# Exterior finish for sapele



## geoff_tulip (1 Mar 2007)

i have a carved celtic cross - (graveyard style) - i'm getting to the point of finishing choices and am looking for some advice. Since the upkeep of such a cross in a graveyard is unlikely and the 'look' of it remaining good quality is important to me - i would like your opinions on suitable finishes. 
Varnish and oil will need maintainance and because of the detail of the carving the item cannot really be rubbed back for reapplication.

I have thoought of just leaving it the way it is - perhaps a ligh coat of sealers just to stop water and algae penetration.

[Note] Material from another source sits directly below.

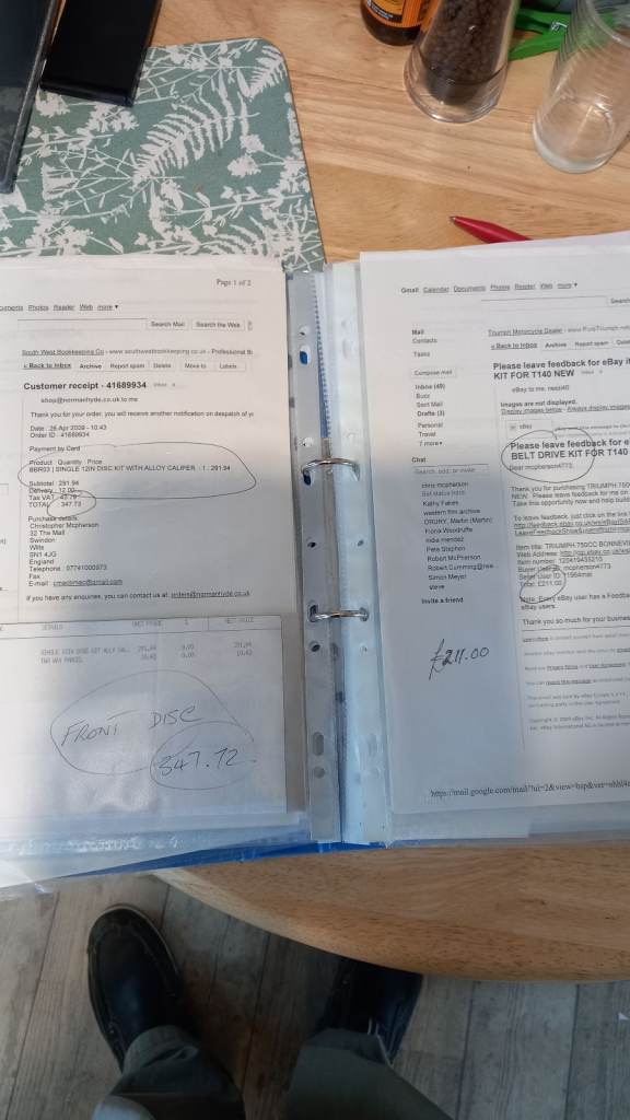 Folder full of receipts for new parts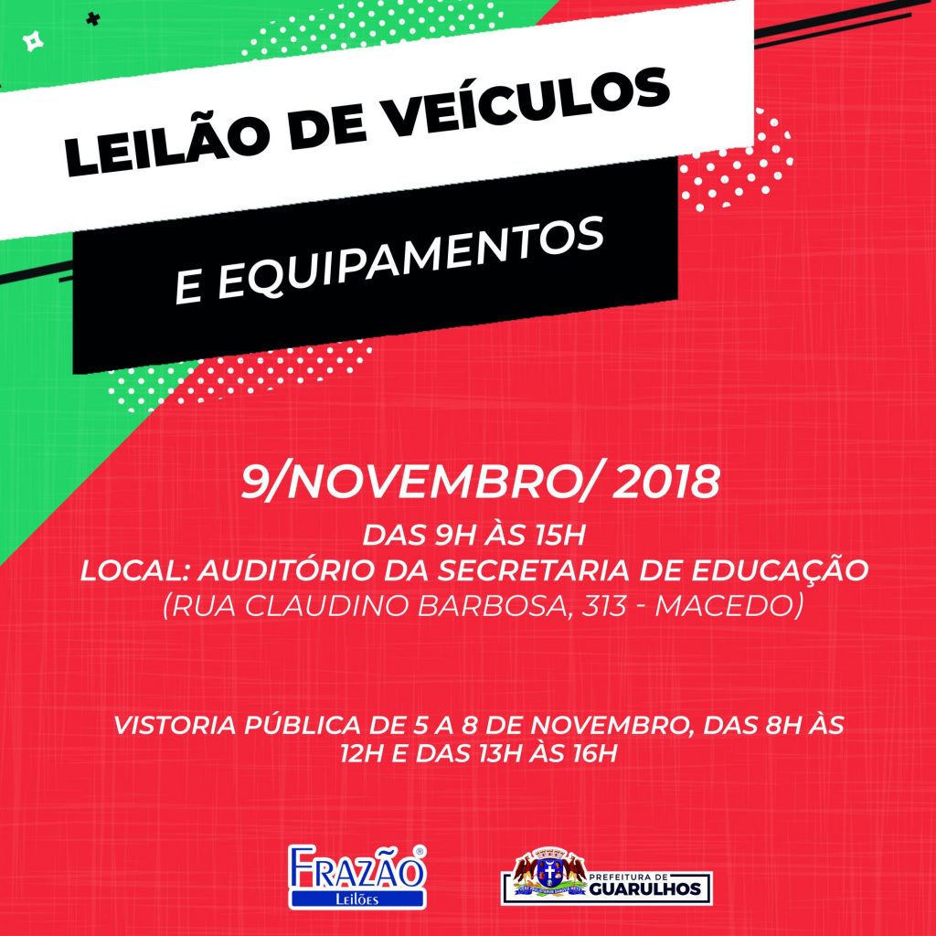 A Prefeitura, por meio da Frazão Leilões, promove leilão de bens servíveis, inservíveis e veículos em duas modalidades. O presencial, realizado no dia 9 de novembro, será no auditório da Secretaria de Educação, das 9h às 15h. A modalidade online já está disponível para lances no site www.frazaoleiloes.com.br, no qual os interessados podem acessar a relação completa dos equipamentos e veículos, fotos e condições de venda.

any help would be appreciated


----------



## PowerTool (1 Mar 2007)

Acrylic lacquer ?

Easy to apply,and hardwearing,although I've never tried it on anything outdoors...yet.

Andrew


----------



## Roger (1 Mar 2007)

Pure Tung Oil should be suitable with several well applied / dried coats, but even that may well need some re-coating after a year or two. It wouldn't need any rubbing or sanding back however so could be easily re-applied in situ. Liberon is one supplier.


----------



## geoff_tulip (2 Mar 2007)

i dont mind reapplying a finish - just not sure about an oil that hardens and how it will be affected by frost and long term weathering - wiil it crack ? etc....
i have heard of a clear preservative - has anyone tried this ?


----------



## Roger (2 Mar 2007)

Tung is somewhat flexible and doesn't give a hard coat. It is intended for both interior and exterior applications. Over the years, there is very little you can do to stop some deterioration, but that's your best shot I think.


----------



## geoff_tulip (5 Mar 2007)

cheers for that - sounds like the right way to go ....


----------



## les chicken (5 Mar 2007)

You could also soak it for a few hours in one of the 5 star rot and fungus clear solutions.

Les


----------